TASK DIRECTIONS: Restate each line below word for word, skipping every picture.

COLLECTED MATERIAL:

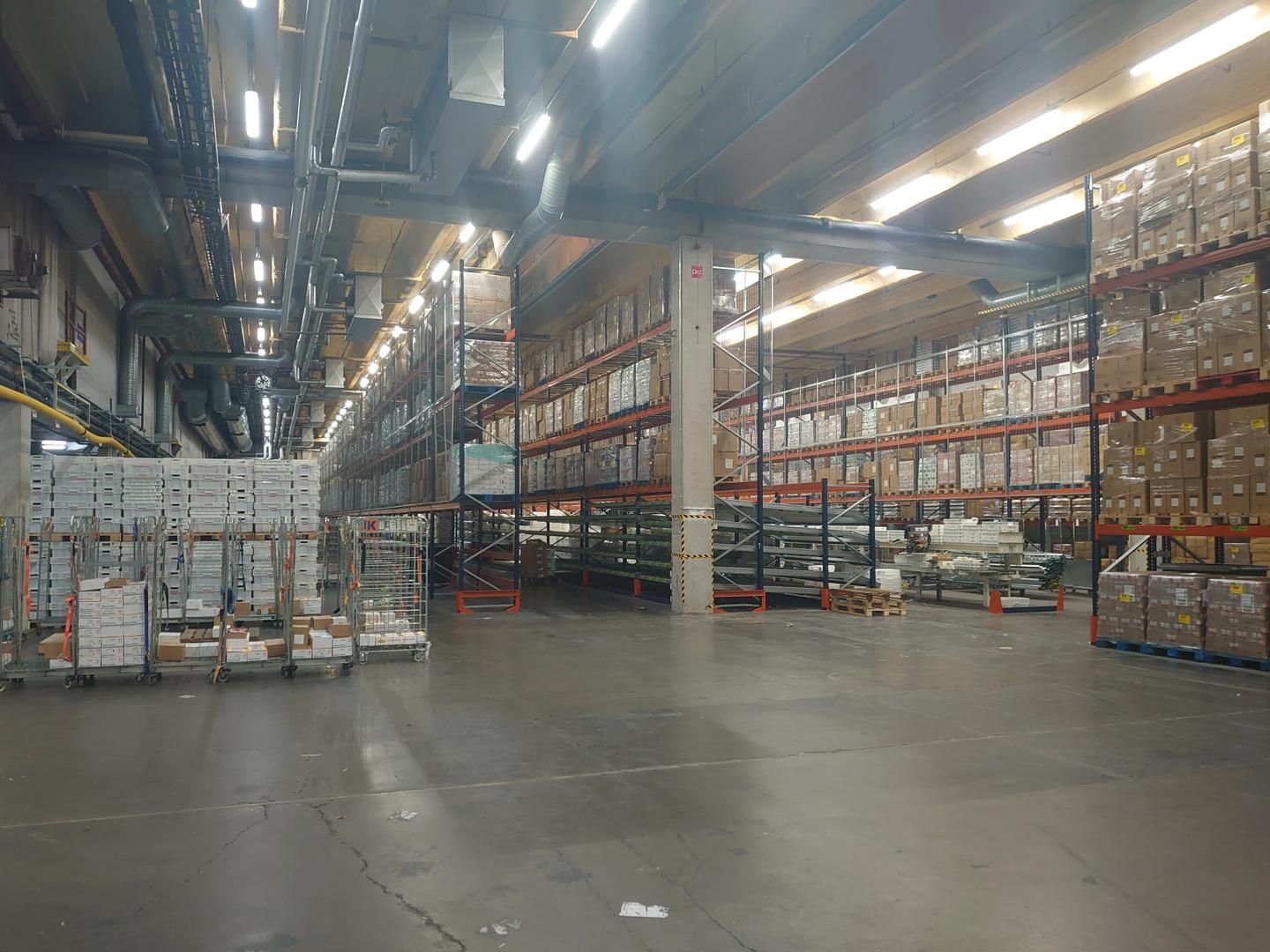 14.000 m2:n varastotilan vapaa korkeus on 11 m ja lattian kantavuus 5.000 kg/m2.
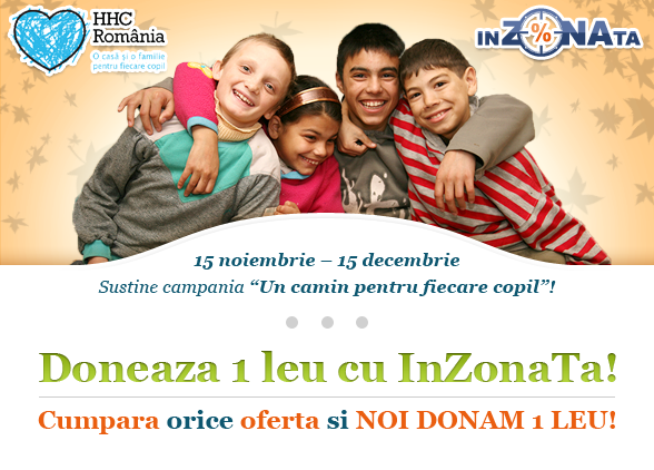 Împreună avem puterea să schimbăm ceva! Pentru orice ofertă cumparată până pe 15 decembrie 2012 www.InZonaTa.ro donează 1 leu! Mai multe detalii pe http://www.inzonata.ro/social
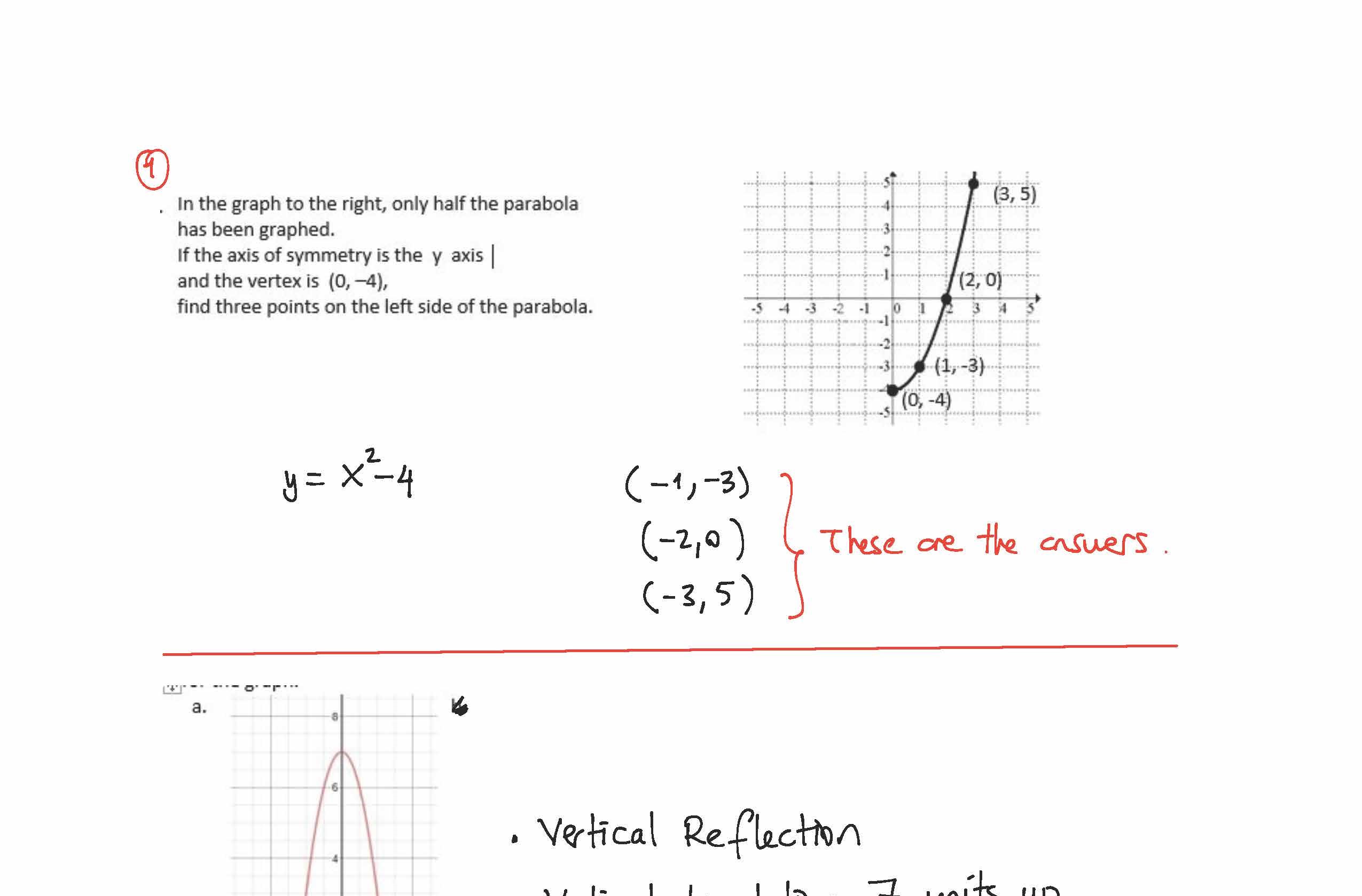 5. In the graph to the right, only half the parabola 4 (3, 5) h...

RESULT OF THIS TASK:
 14.000 m2:n varastotilan vapaa korkeus on 11 m ja lattian kantavuus 5.000 kg/m2.
 Împreună avem puterea să schimbăm ceva! Pentru orice ofertă cumparată până pe 15 decembrie 2012 www.InZonaTa.ro donează 1 leu! Mai multe detalii pe http://www.inzonata.ro/social
 5. In the graph to the right, only half the parabola 4 (3, 5) h...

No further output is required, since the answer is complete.